Что касается именно Уны, тут следователь ошибся: ведь это именно мать предала ее, а не наоборот.
Тем временем следователь убрал запонки в карман.
– Я думаю, на самом деле произошло вот что… – медленно произнес он.
Болтливая Дейдре рассказала все почти так, как было. Кроме убийства Бродяги Майка – это было, что называется, шито белыми нитками. Уна изложила свою версию событий. Да, она действительно шла в тот вечер с намерением продать запонки – которые она, однако, нашла, а не украла! – мистеру Шини. Нет, у нее и в мыслях не было брать с собой Дейдре. И вообще продать запонки мистеру Шини предложила Дейдре. Нет, они с мистером Шини не ссорились. И уж конечно она не убивала его из-за этих запонок. Вы хотели правду? Тогда слушайте! Уна описала темный задний двор, вспышку света от спички и силуэт мужчины, который сидел на корточках возле трупа Бродяги Майка.
– Силуэт? И как же он выглядел? – с усмешкой переспросил следователь.
– Не могу сказать точно. Было слишком темно. В том-то и дело!
С этими словами Уна прикрыла глаза и попыталась еще раз представить себе то, что видела при короткой вспышке спички.
– На нем были костюм и кепка. Костюм черный… Может, темно-синий… И пуговицы такие… Блестящие… Я помню, что они сразу бросились мне в глаза.
– Темнокожий? Азиат? Белый?
– Белый… как мне показалось…
– Высокий или низкий?

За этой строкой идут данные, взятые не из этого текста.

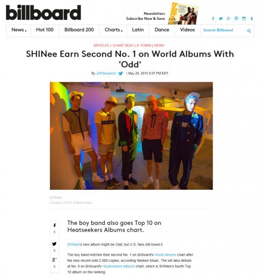 특히 빌보드는 “샤이니의 새 앨범 ‘Odd’는 빌보드 월드 앨범 차트 1위, 히트시커스 차트 9위에 등극했다. 이는 샤이니가 2013년 발표한 ‘Why So Serious? - The Misconceptions of Me’에 이어 두 번째 1위다”라고 상세히 설명해 해외 음악시장에서도 확실히 자리매김한 샤이니의 위상을 입증시켜줬다.

Полный или худой?
Уна открыла глаза.
– Вот этого я не помню…
– То есть нам надо искать белого мужчину неопределенного телосложения в темном костюме и кепке, правильно?
– Да.
– Под это описание подходит примерно каждый второй мужчина в городе, – хмыкнул следователь.
Он вальяжно развалился на скамейке, вытянув вперед ноги. Словно сидел перед камином и играючи флиртовал с дамой, а не говорил с ней об убийстве.
Уна ходила взад-вперед по камере. Она снова запустила руку в карман и медленно просунула пальцы в петли кастета. Она давно все взвесила и поняла, что именно сейчас в буквальном смысле пробиться на свободу не сможет. Но было так приятно ощущать кастет на пальцах и представить себе – хоть на мгновение, – как она засветит этому самовлюбленному копу.
– Я говорю правду!
– Простите меня, мисс Дэвидсон – или как там ваше настоящее имя? – но меня вы не убедили.
– То есть вам кажется более вероятным, что я – обычная женщина – в одиночку убила мистера Шини?
Вообще Уна на дух не переваривала, когда ее считали слабой и беззащитной только потому, что она женщина. Если бы она действительно задумала убить человека – даже такого рослого и сильного, как Бродяга Майка, – она справилась бы и с этим. Но почему бы не попробовать сыграть на предрассудках следователя. Пусть он считает ее слабой – вдруг это хоть как-то поможет ей сейчас?
– Знаете, чтобы задушить человека, не нужно большой силы. Да-да, при определенной сноровке это сделать очень легко…
Уна вспомнила ремень, который видела на шее Бродяги Майка за секунду до того, как его убийца улизнул. А потом и то, что рассказал ей Барни об убийстве Большеносого Джо и Марты-Энн. Ведь их задушили одним и тем же способом.
– Это один и тот же человек… – подумала Уна вслух.
– Это вы о чем?
Уна снова кинула взгляд на следователя.
– Сравнительно недавно произошло еще два убийства. Оба в бедных районах города. Обе жертвы задушены. Я думаю, все три убийства – дело рук одного и того же человека.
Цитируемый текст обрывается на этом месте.